I recently wrote about an Ohio Supreme Court decision (see previous page) that reminded police departments throughout Ohio that the Confidential Law Enforcement Investigatory Record ("CLEIR") exemption under the Public Records Act, which exempts certain law enforcement records from public disclosure, is a two-part standard. The Court explained that the party claiming the CLEIR exemption must first establish that the record pertains to an ongoing “law enforcement matter of a criminal, quasi-criminal,  civil,  or  administrative nature” and second that disclosure of the record would create “a high probability of disclosure” of one of four kinds of information specified in the statute.

A record qualifies for the CLEIR exemption only if it: 1) discloses the identity of an uncharged suspect; or 2)  identifies  a  confidential  source; or 3) discloses specific confidential investigatory techniques or specific investigatory work product or 4) discloses information that would endanger the life or physical safety of law enforcement personnel, a crime victim, a witness, or a confidential information source.

But despite clear statutory language, and the Supreme Court's guidance, police departments and other public bodies remain confused. One recurring source of confusion (or abuse if you're a cynic) is the notion that the very existence of an ongoing investigation justifies application of the CLEIR exception. But because it is a two-step test, this “confusion” is completely unfounded.

But even among those public bodies that are able to comprehend that a two-step test actually requires two steps, confusion often reigns. And the concept of "specific confidential investigatory techniques" seems to particularly flummox them.

And while it’s easy to assume that public records wrongfully claiming this exemption are withheld with some sort of malice, let’s not be unfairly distrustful just yet. The Ohio Sunshine Laws 2013 Government Resource Manual, a "go-to" guide of Ohio governmental agencies for all things related to public records, may too hastily explain the exemption – especially for those unfamiliar with this law.

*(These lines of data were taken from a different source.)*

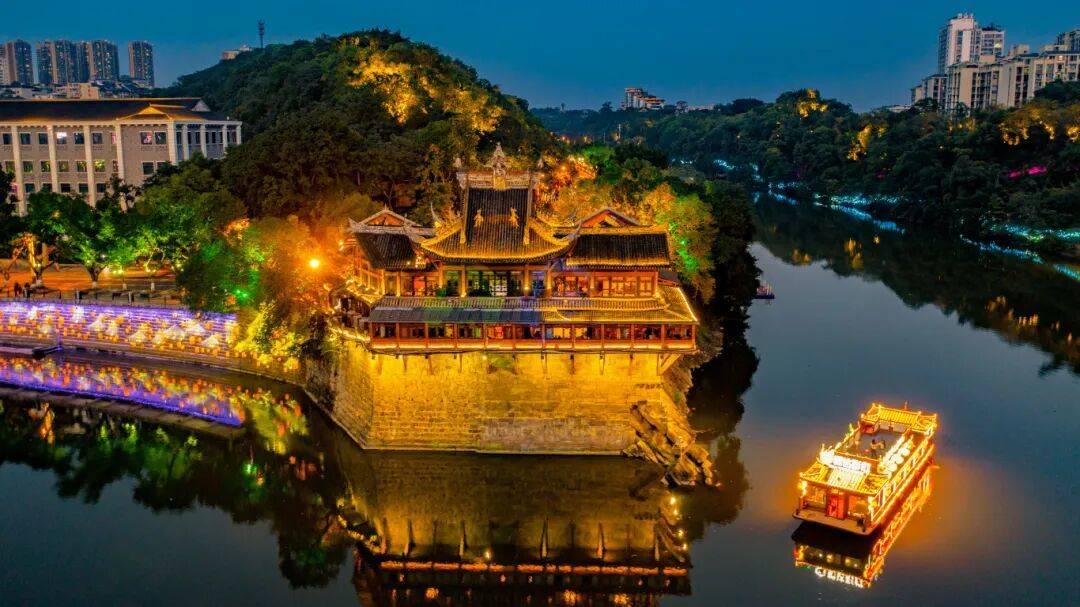 若是想换个角度感受自贡,不妨乘船夜游釜溪。灯影与城市轮廓在水面慢慢铺开,凉风拂面,惬意至极。两岸灯火阑珊,千年盐都在夜色中展现出温柔浪漫的一面。
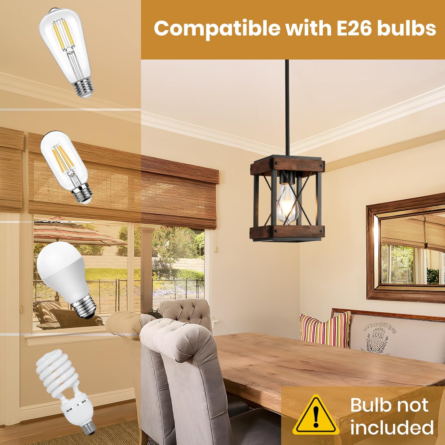 - 【Hanging Light Fixture Dimension】 Kitchen Island Pendant Light fixtures's dimension: 8.7"x 6.3", canopy is 4.7"W x 0.98"H. The wood pendant lights kitchen island total length is 48.7", Input Voltage: 110V; Bulb Socket: E26; Material: wood & metal.
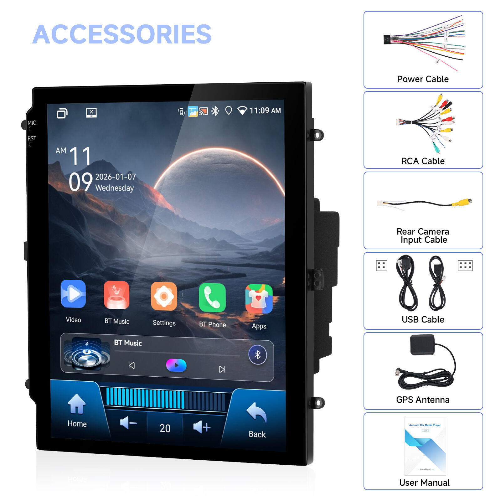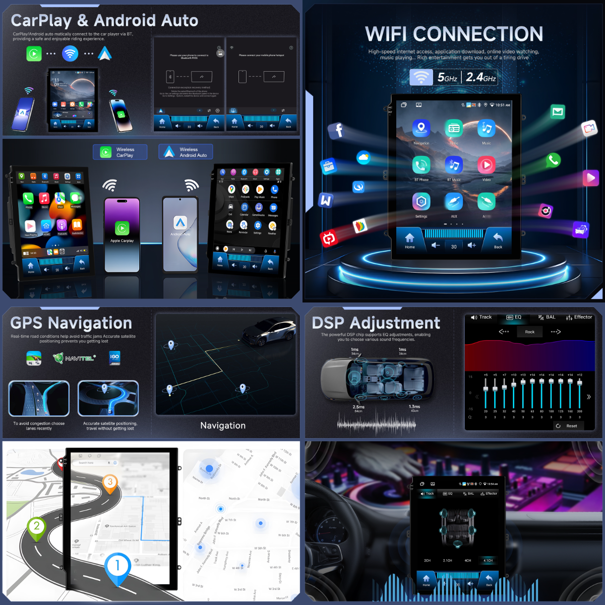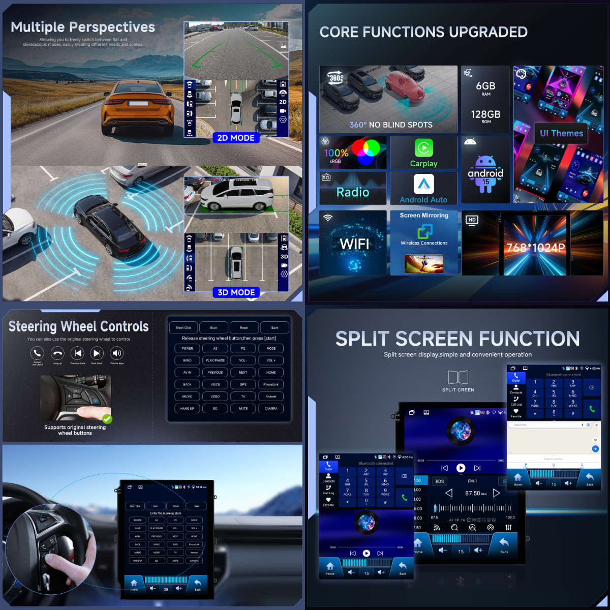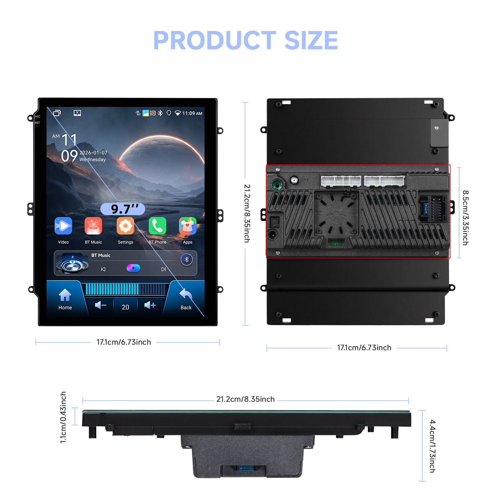 Podofo 9.7-inch 6+128G 8 Core Car Stereo Support 360° Panoramic View Wireless CarPlay Android Auto Vertical Screen GPS/WiFi/DSP A4569
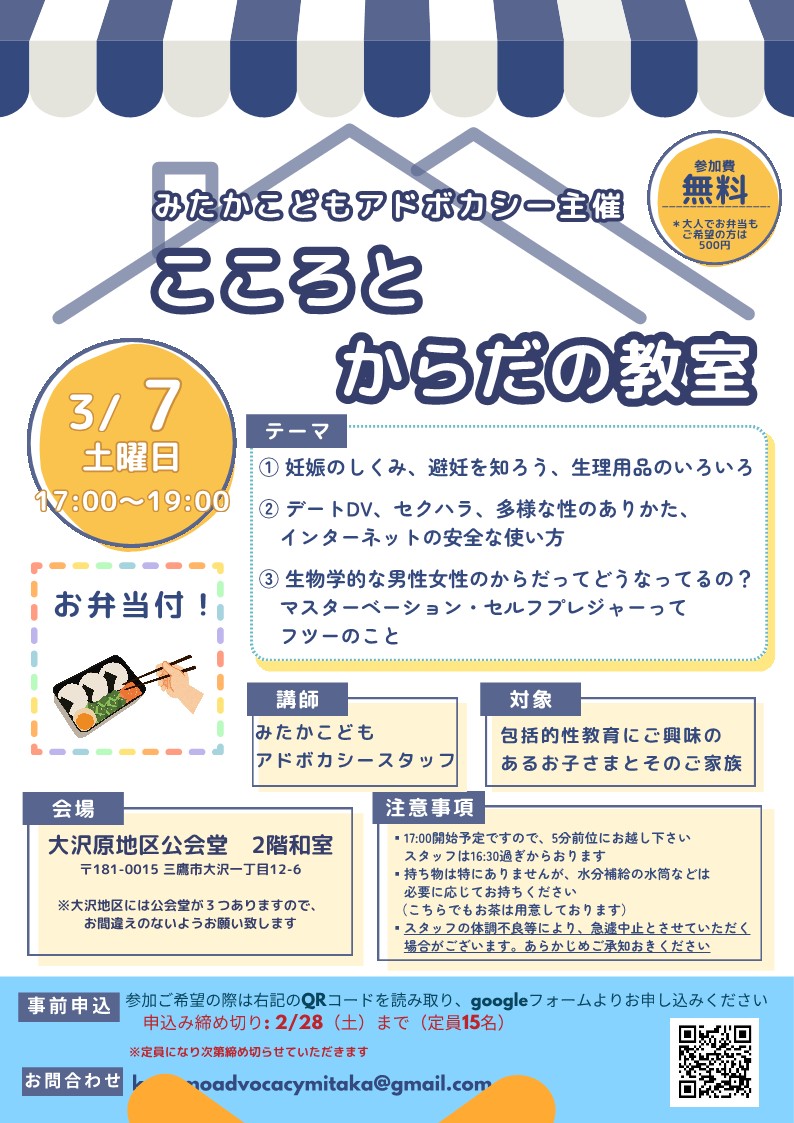 今回の「こころとからだの教室」は「妊娠の仕組み、避妊を知ろう、生理用品のいろいろ」「デートDV、セクハラ、多様な性のあり方、インターネットの安全な使い方」「生物学的な男性女性のからだってづなってるの?マスターベーション、セルフプレジャーってフツーのこと」がテーマになります。
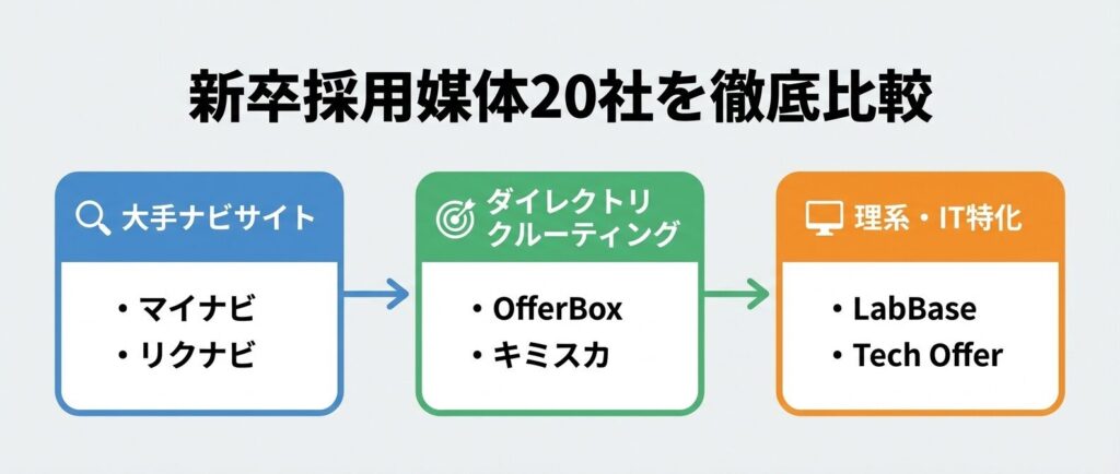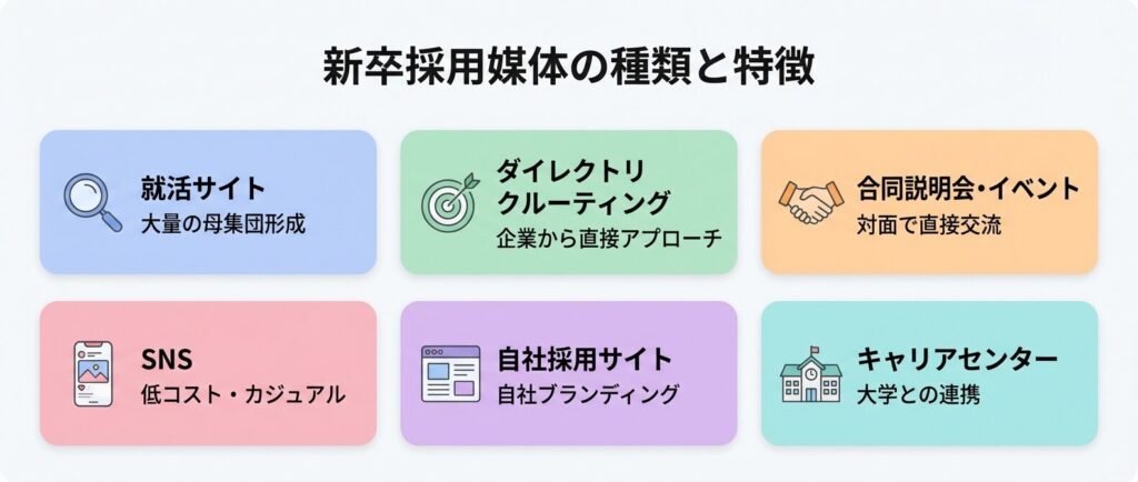 新卒採用市場には多様な媒体が存在し、それぞれ独自の強みを持っています。
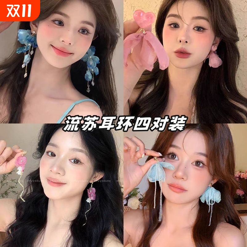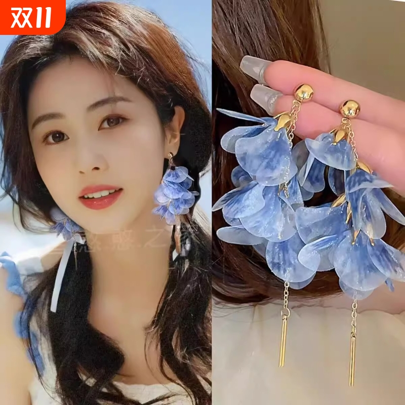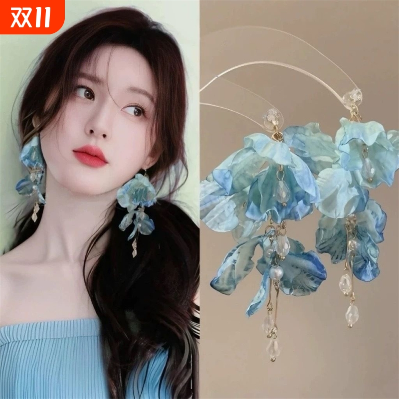 白鹿同款耳环蓝色花瓣耳饰超仙耳钉耳坠2025春夏新款旅游饰品女
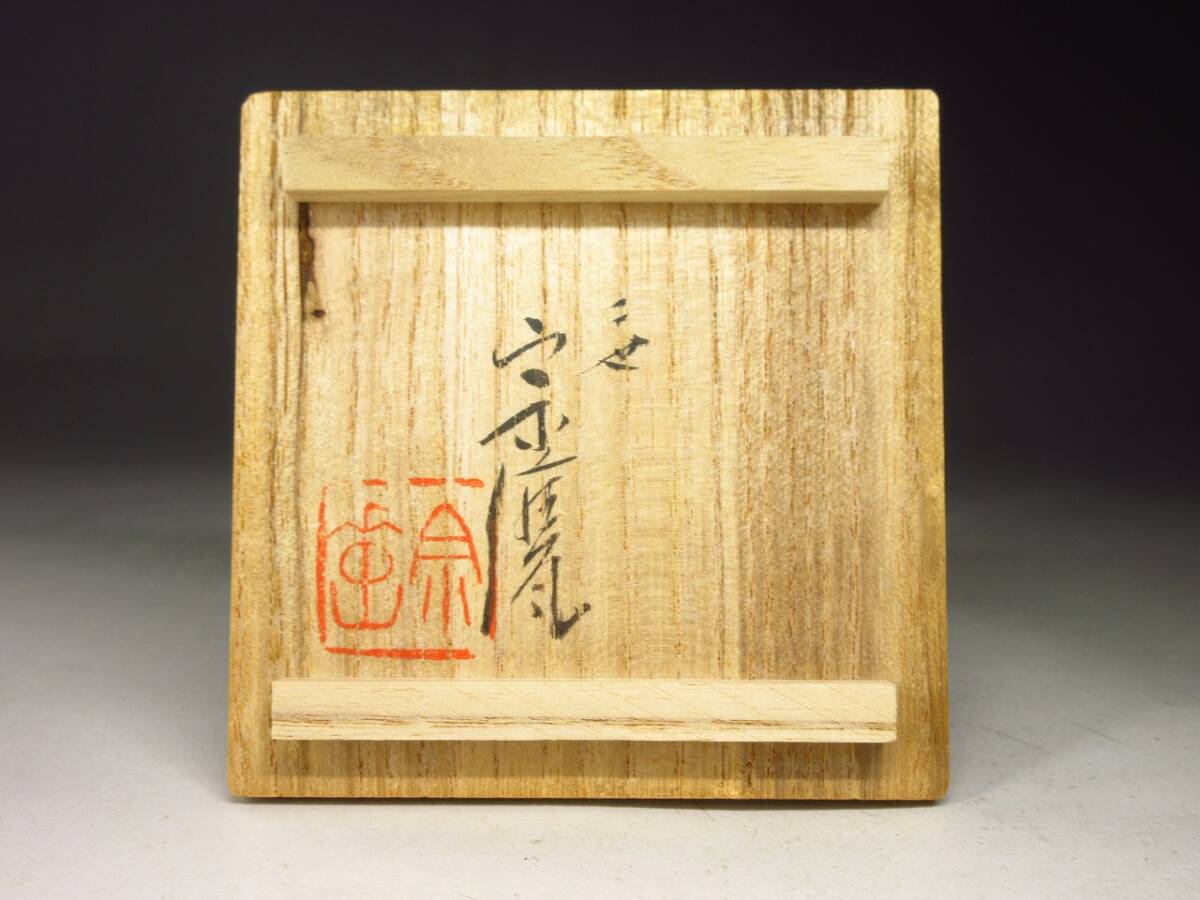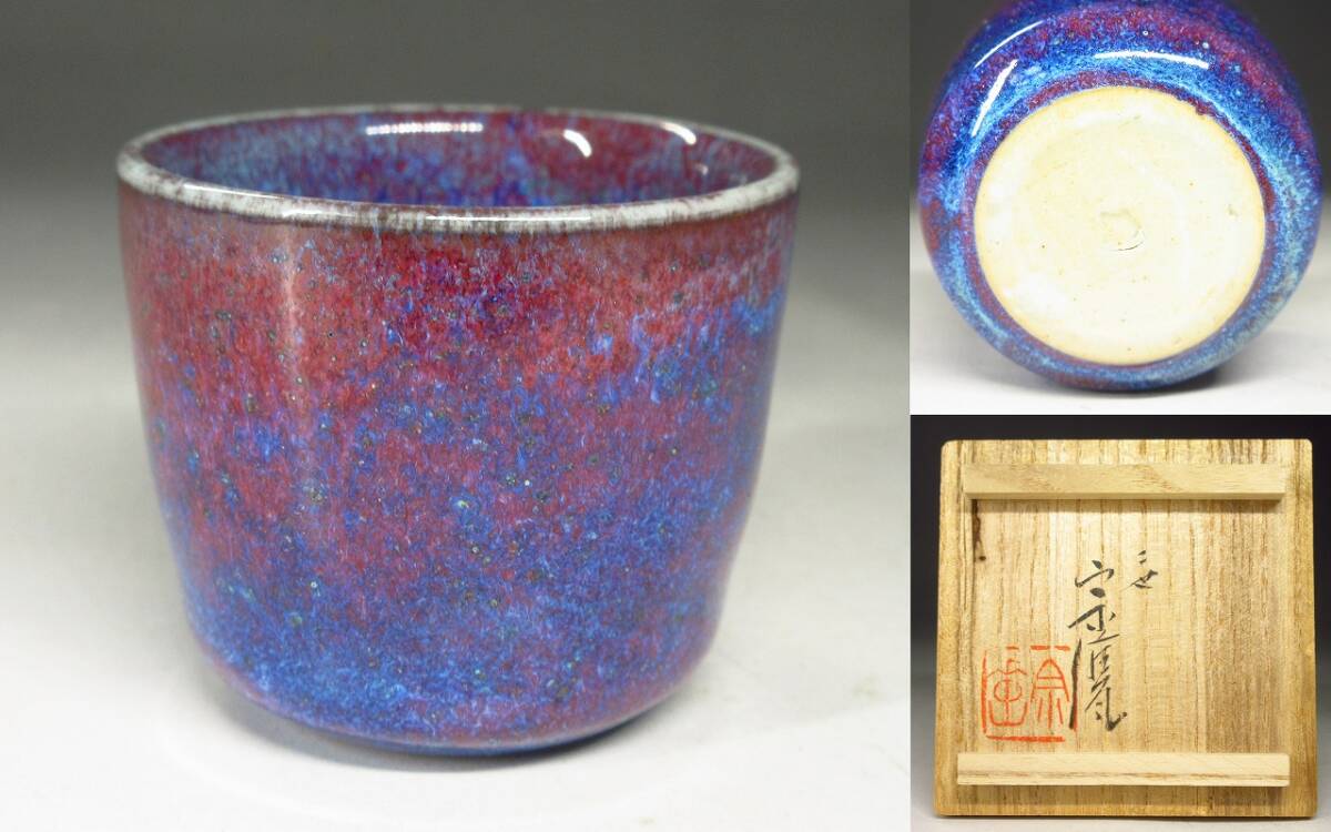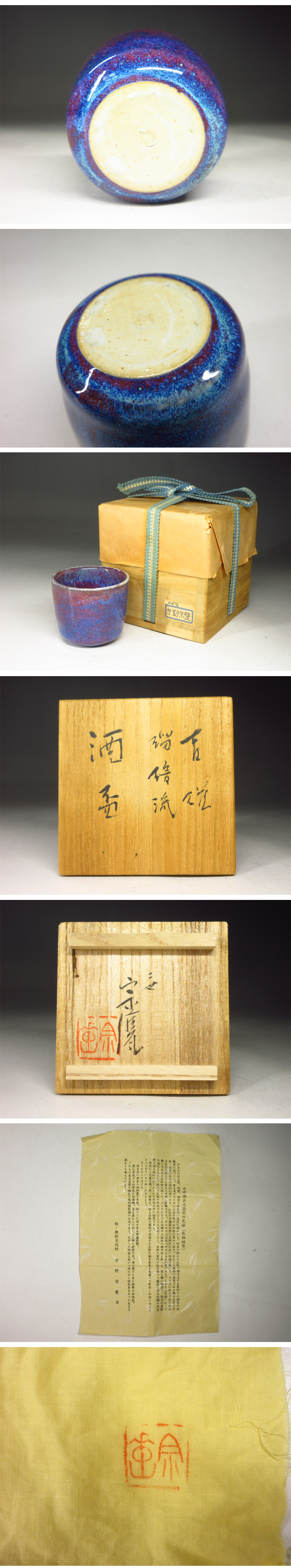 コレクター放出品 無形文化財『宇野宗甕』造 青磁瑠璃流酒盃 共箱 共布 栞付き 酒器 酒杯 本物保証
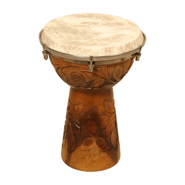 This affordably priced 10.5" Rosewood Doumbek is carved from two pieces of rosewood. It features an attractive floral pattern and has a goatskin drumhead...
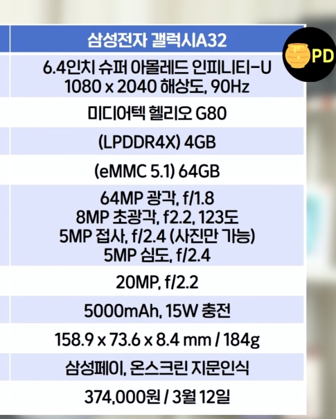 꿀단지tv에서 홍미노트랑 a32 비교 스펙을 올려놔서..
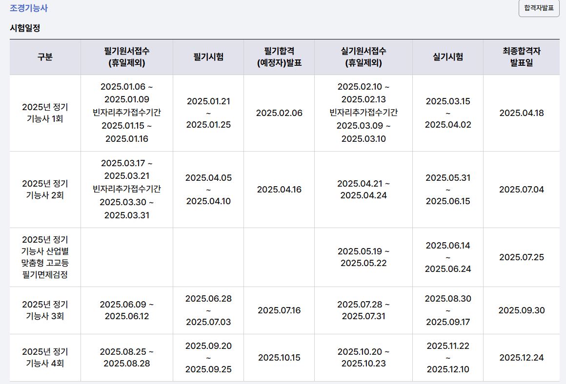 | 회차 | 필기 접수 | 필기 시험 | 필기 합격 발표 | 실기 접수 | 실기 시험 | 최종 합격 발표 |
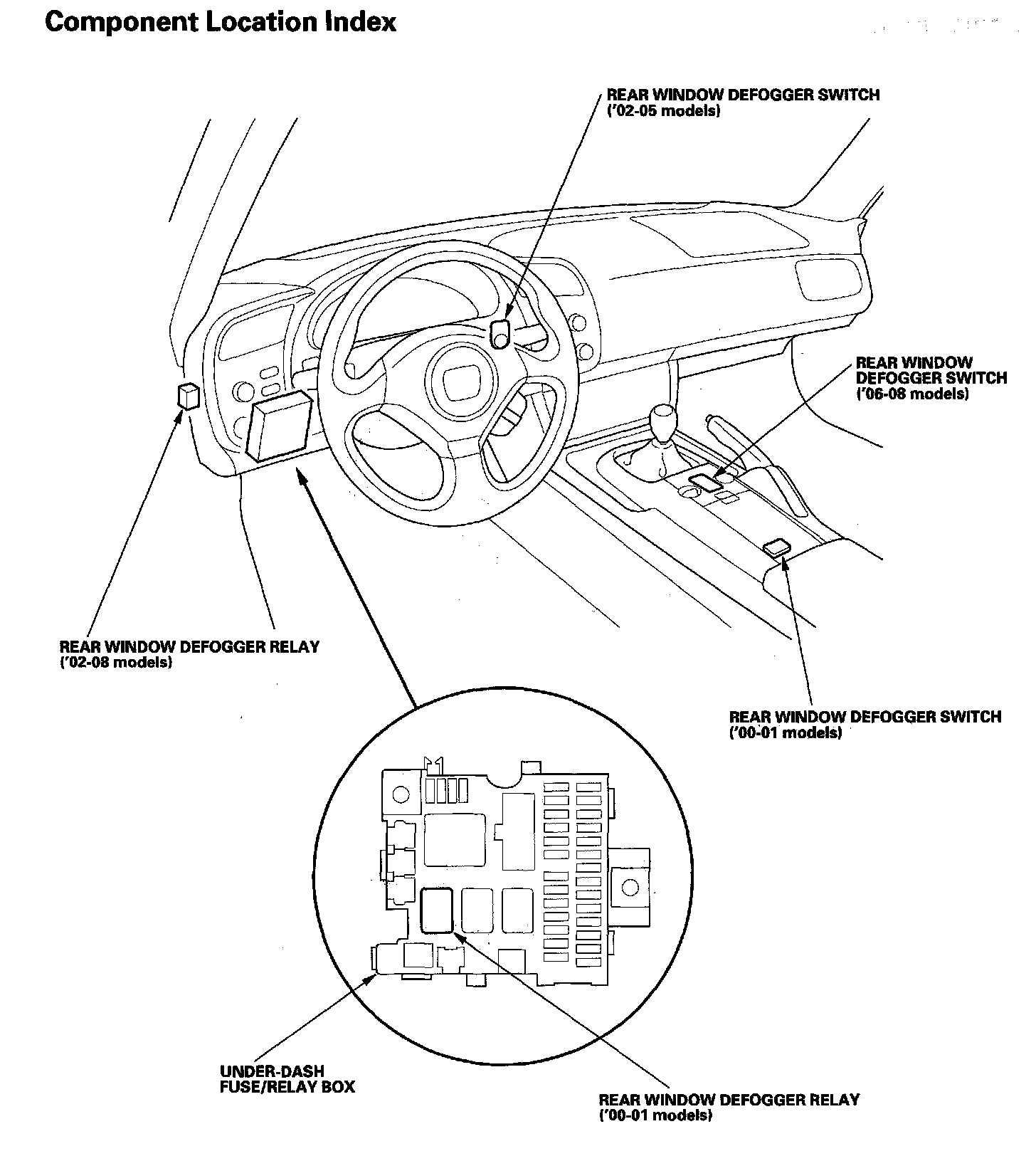 Rear Window Defogger Component Location Index:

The manual defines "specific investigatory work product" as "[i] information, including notes, working papers, memoranda, or similar materials, assembled by law enforcement officials in connection with a probable or pending criminal proceeding.” The manual includes court decisions that broadly apply the exemption and hold that records “may be protected even when they appear in a law enforcement office’s files other than the investigative file," and that "[i]t is difficult to conceive of anything in a prosecutor's file, in a pending criminal matter, that would not be either material compiled in anticipation of a specified criminal proceeding or the personal trial preparation of the prosecutor.” Almost as an afterthought, the manual mentions “some limits” to the exemption, yet lists in a footnote only two examples where records are not shielded by the specific investigatory work product exemption.

The specific investigatory work product exemption should be evaluated on a case- by-case basis. Specific investigatory work product is information assembled by law enforcement officials in connection with a pending or highly probable criminal or civil proceeding. Any notes, working papers, memoranda or similar materials, prepared by attorneys or law enforcement officials in anticipation of litigation fall within this exemption. The exemption offers no protection to ongoing routine offense and incident reports, including, but not limited to, records relating to a charge of driving while under the influence and records containing the results of intoxilyzer tests. Even internal investigative records concerning the regulation and discipline of police officers do not qualify for the exemption.

Courts have also been clear to distinguish between an “ongoing investigation” and an investigation where a criminal or civil proceeding is “highly probable.” A criminal or civil proceeding is considered highly probable only if “it is clear that a crime has in fact been committed.” When an officer’s or law enforcement official’s investigation could lead to civil and/or criminal proceedings, the specific investigatory work product exemption does not apply. Materials are not considered work product in these circumstances because “it is not evident that a crime has occurred, [and] the records are then compiled by law enforcement officials in part to determine if any crime has occurred and not necessarily in anticipation of litigation. An active and ongoing criminal investigation “conducted in a manner similar to other criminal investigations aimed at possible prosecution.is [not] evidence that criminal charges…are either pending or highly probable as required from the work product exemption.”

Even if criminal or civil proceedings are pending or highly probable, the requested records may still be subject to public disclosure if they were created before it was clear that a crime had been committed. Once clothed with the public records cloak, records cannot be defrocked of their status. An easy example? Just because the prosecutor puts the incident report in his file, that report remains a public record. Any item created prior to the commencement of the investigation retains its public status, no matter how it is handled in the investigation.

The takeaway: If a public body denies your request based on CLEIR, insist it identify which of the four exemptions apply. And if the exemption is the "specific investigatory work product” exemption, ask if any of those records were created before the investigation commenced. By conducting your own investigation, you might overcome the “confusion.”